(Supplied information begins)

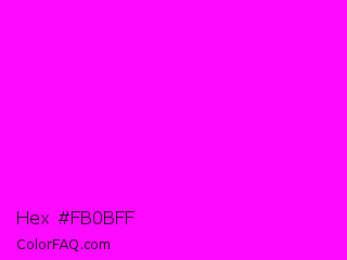 Hex #fb0bff Color is a normal magenta color and the nearest color is Magenta / Fuchsia #ff00ff. Hex code #fb0bff and RGB value is rgb(251,11,255). In RGB color space, this color is composed of 98% red, 4% green, 100% blue, In CMYK color space, this color is composed of 2% cyan, 96% magenta, 0% yellow , 0% black , In HSL color space, this color has a hue angle of 299° , 100% saturation and 52% lightness.
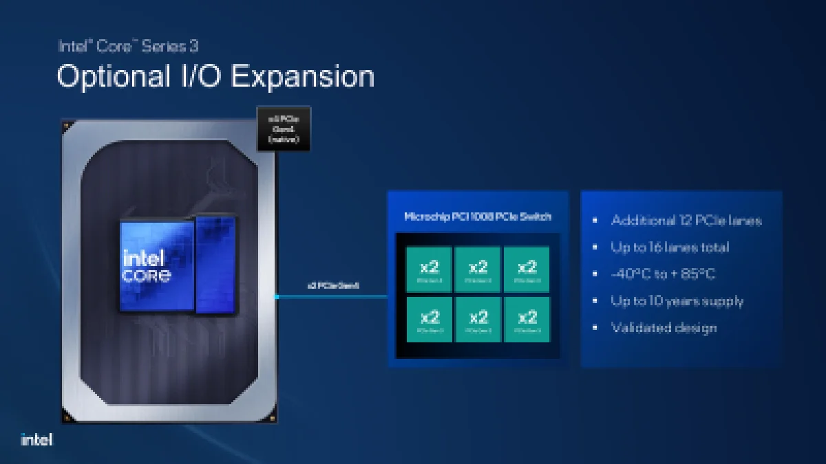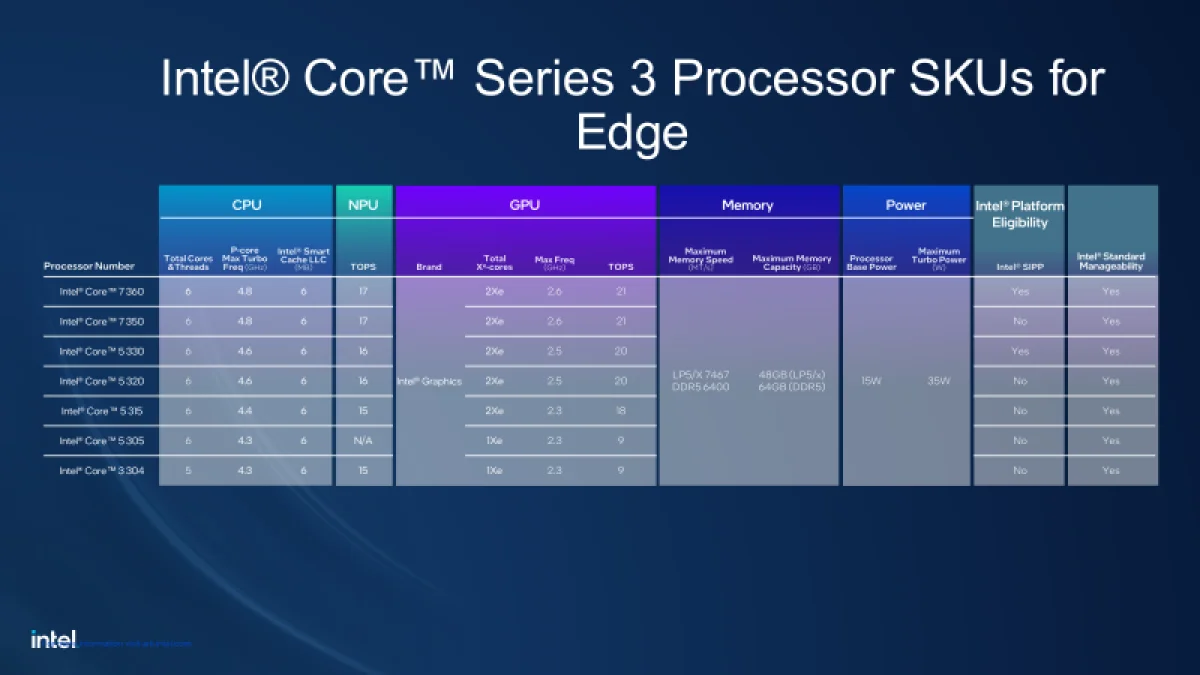 Процессоры Core Series 3 поддерживают работу с памятью LPDDR5Х-7467 объёмом до 48 ГБ или DDR5-6400 до 64 ГБ. Платформа обеспечивает шесть линий PCIe 4.0 (две из которых можно направить через коммутатор Microchip PCI 1008 для получения шести пар линий PCIe 3.0), два порта Thunderbolt 4, а также беспроводные интерфейсы Wi-Fi 7 R2 и Bluetooth 6.
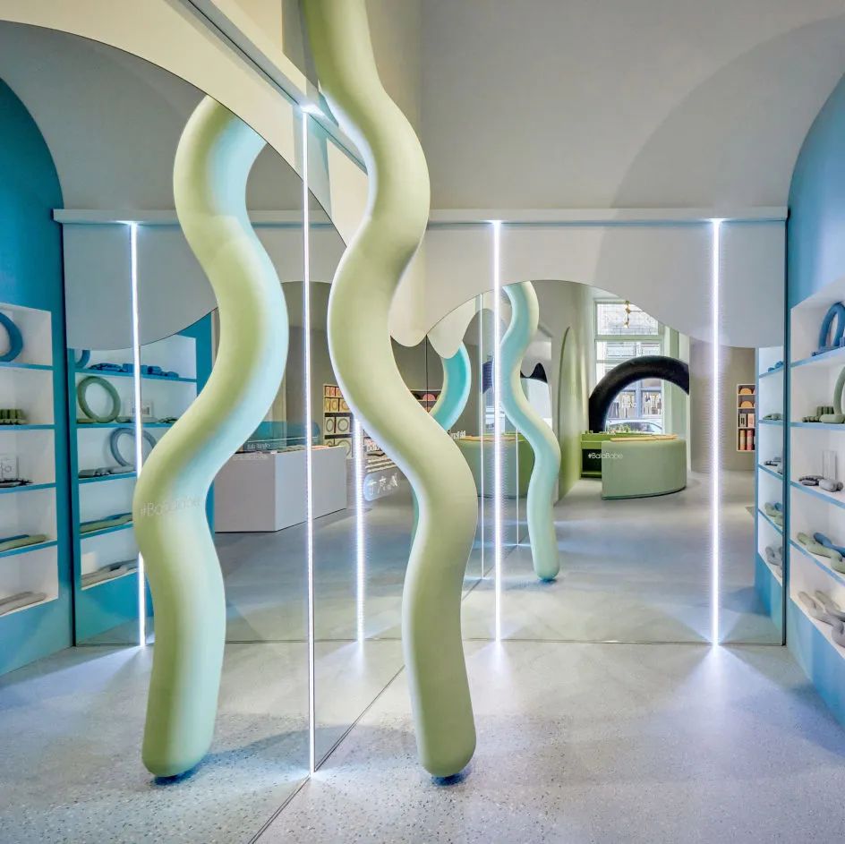 该空间将消费者与产品本身联系了起来,游客仿佛置身在“巨人国”中,负重手环和哑铃环等产品在这里得到了放大。色彩上的组织、独特的分区使游客沉浸在每一块色域中,提高了消费者的临场感,加深了品牌印象。
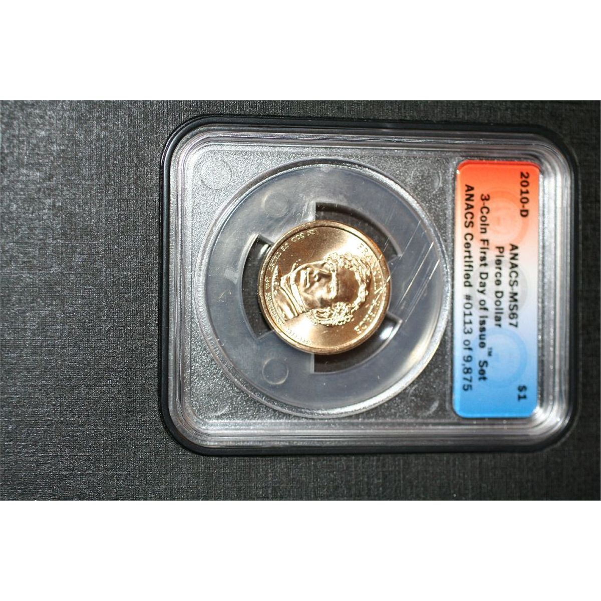 2010-D Pierce Dollar ANACS Graded MS67 3-Coin First Day of Issue

(Supplied information ends)

**Your goal**. Please write the material out again exactly as shown above, minus any pictures.

**Task response**.
 Hex #fb0bff Color is a normal magenta color and the nearest color is Magenta / Fuchsia #ff00ff. Hex code #fb0bff and RGB value is rgb(251,11,255). In RGB color space, this color is composed of 98% red, 4% green, 100% blue, In CMYK color space, this color is composed of 2% cyan, 96% magenta, 0% yellow , 0% black , In HSL color space, this color has a hue angle of 299° , 100% saturation and 52% lightness.
 Процессоры Core Series 3 поддерживают работу с памятью LPDDR5Х-7467 объёмом до 48 ГБ или DDR5-6400 до 64 ГБ. Платформа обеспечивает шесть линий PCIe 4.0 (две из которых можно направить через коммутатор Microchip PCI 1008 для получения шести пар линий PCIe 3.0), два порта Thunderbolt 4, а также беспроводные интерфейсы Wi-Fi 7 R2 и Bluetooth 6.
 该空间将消费者与产品本身联系了起来,游客仿佛置身在“巨人国”中,负重手环和哑铃环等产品在这里得到了放大。色彩上的组织、独特的分区使游客沉浸在每一块色域中,提高了消费者的临场感,加深了品牌印象。
 2010-D Pierce Dollar ANACS Graded MS67 3-Coin First Day of Issue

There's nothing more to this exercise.